Unfortunately, it has been shown that 80% of adults with T1D have suboptimal glycemic control, with a mean HbA1c of 8.8% while the American Diabetes Association (ADA) recommends an HbA1c of <7.0% in nonpregnant adults (17). Even the less stringent HbA1c goals recommended by the ADA for those with limited life expectancy or those for whom the benefit of glycemic control does not outweigh the harms is <8.0% (18, 19). Children have also been shown to have suboptimal glycemic control demonstrating HbA1c measurements of 7.63% while the ADA and the International Society for Pediatric and Adolescent Diabetes (ISPAD) recommend an HbA1c goal of <7.0% for children (20, 21). Less stringent goals for children have been set at <7.5% and <8.0% for certain populations (20, 22).

Along with having a large disease burden for the patient, T1D poses a substantial economic constraint to the healthcare system in the United States (23). According to recent data from the American Diabetes Association (ADA), the economic burden of diabetes in the U.S. was estimated at $327 billion in 2017, with approximately $15 billion allocated specifically to T1D-related expenses (24). Pharmacy costs make up over half of the monthly diabetes-related cost and are approximately $440 per person per month (PPPM) (25). Although hospitalizations are relatively rare, they have a large financial burden and comprise 11.5% to 13.9% of the total monthly cost of T1D.

The use of continuous glucose monitoring (CGM) devices among people with T1D is on the rise. These devices are associated with lower levels of HbA1c in this population, indicating better glycemic control (26). CGM device measurements of the amount of time spent within the target blood glucose range correlate negatively with HbA1c (27). CGM measurements of time above range (TAR) > 180mg/dL have been shown to correlate positively with a high blood glucose index whereas time in range (TIR) has a negative correlation with high blood glucose index (22). For every 10% change of TIR there was shown to be a 0.7% change in HbA1c.It has been shown that participants with HbA1c ≤7.0% had a median TIR of 72.1% while those with an HbA1c ≥8.5% had a median TIR of 35.5% (27).
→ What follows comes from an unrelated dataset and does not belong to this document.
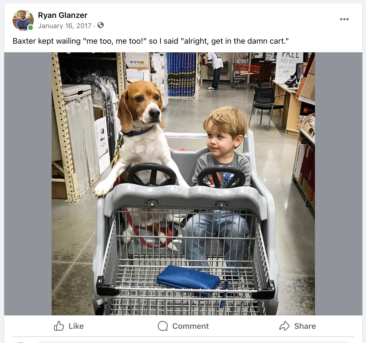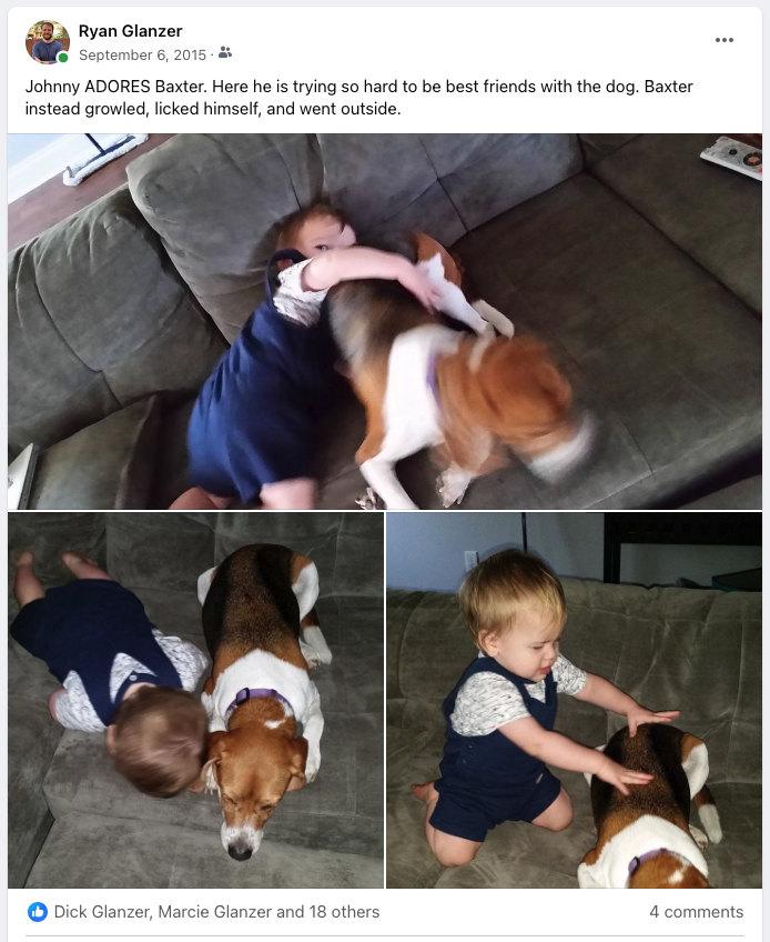 In 2014, baby John was born. And now that we had a real human baby, Baxter had to take a little bit of a backseat. And while we continued to give him some attention and affection, it wasn’t the same as before, and he was never really the same dog. Baxter was okay with kids, but he just didn’t take to them like he did me and Lauren. John never got to know the sort of dog who would fetch a ball or play tug-o-war. Looking back at the hundreds of photos from 2015-2017 or so, John sure did try. There are dozens of pictures of John trying so hard to coax that dog into playing, with Baxter literally looking the other way in disgust.

The growing adoption of CGM devices has spurred significant progress in the technology of blood glucose monitoring devices, with a specific emphasis on the development of non-invasive and minimally-invasive methods (2832). These approaches offer several advantages over more traditional and invasive procedures, such as finger sticks. They provide patients with reduced pain and discomfort, along with lowering the risk of infection and tissue damage (33). Non-invasive devices predominantly utilize sensors placed on the skin’s surface to measure blood glucose concentrations, obviating the necessity for needle penetration into the body (34). Minimally-invasive devices either sample interstitial fluid using a less invasive needle or explore alternative bodily fluids such as tears for blood glucose measurement, presenting a less intrusive option compared to traditional needlestick methods (35).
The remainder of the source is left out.